The sizes prop is the most important thing you control — next/image uses sizes to decide which srcset variant to download. If you lie here (or use the default 100vw for a 400 px thumbnail), the browser fetches a 1200 px image for a 400 px slot. Use real breakpoints. For a two-column card grid that goes full-width below 768 px:
sizes="(min-width: 768px) 50vw, 100vw"For a max-width-1280 container:
sizes="(min-width: 1280px) 1200px, 100vw"For a fixed 80 px avatar that never changes size:
sizes="80px"Getting this wrong doesn't cause CLS, but it causes LCP regression and wastes bandwidth — which is why it belongs in the same conversation as dimension handling.
Checking your work in the browser
Open DevTools Network tab, filter by Img, and look at the w= parameter in the Sanity CDN URL next/image requests.
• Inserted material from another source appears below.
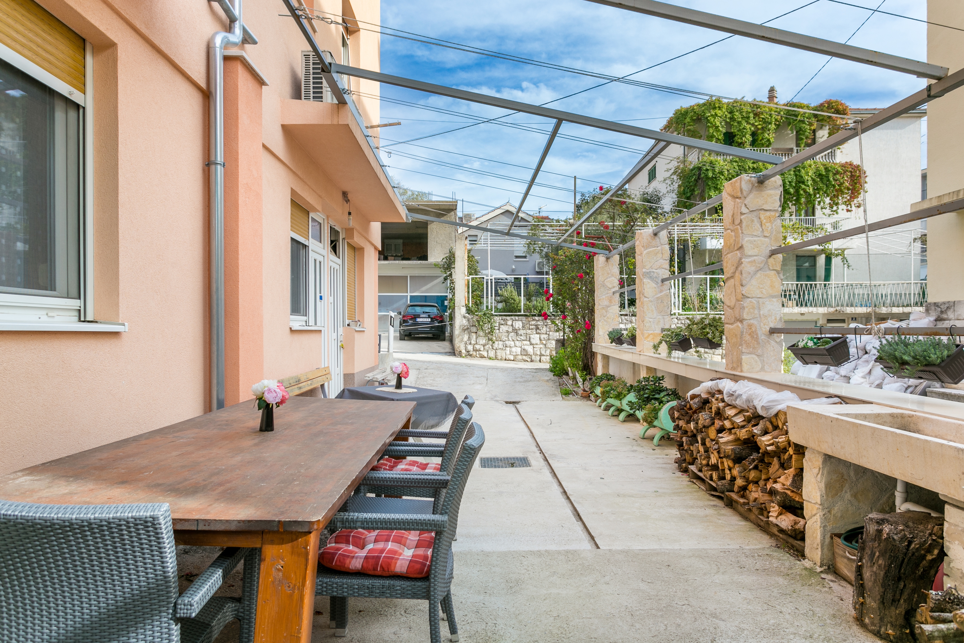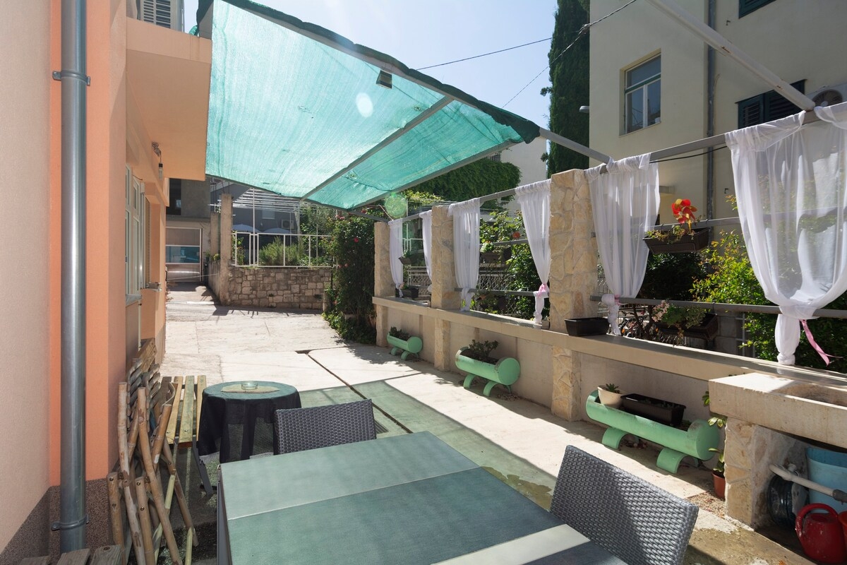 The house 14051 located in Split, Split - Central Dalmatia has accommodation units: Studio flat (2) and is 800 m away from the sea. The nearest beach is sand. As the house contains multiple apartments, the house will be shared with other guests. The owners will be in residence during your stay. The house owner is under no obligation to accept additional persons and pets that were not stated in the reservation request and it is necessary to report them in advance.AMENITIES Courtyard (50m2, Sitting area), Parking lot (Number of parking spaces: 2, Distance from the house: In the courtyard), Barbecue: shared, WiFi Internet LOCATION AND ACCESS Facility is situated near a local road Main road between the property and the beach Car access possible: Yes The facility is not located in quiet surroundings DISTANCES Sea: 800 m Beach: 800 m Center: 1 km Shop: 140 m Urgent medical care: 550 m Pharmacy: 50 m Exchange office: 80 m ATMBank machine: 90 m Tourist info: 600 m Airport: 26 km Ferry port: 1.3 km Bus station: 1.3 km Gas station: 180 m Farmers market: 950 m

It should be close to the actual rendered pixel width × device pixel ratio. If you see w=3840 for a 400 px card, your sizes is wrong. If the image jumps down when it loads, aspectRatio isn't being set — check that croppedDimensions is returning non-zero values and that the wrapper div has position: relative.
You can also run Lighthouse with CPU throttling and watch for CLS attributed to images. A correctly configured <SanityImage> should contribute 0 to CLS on any layout.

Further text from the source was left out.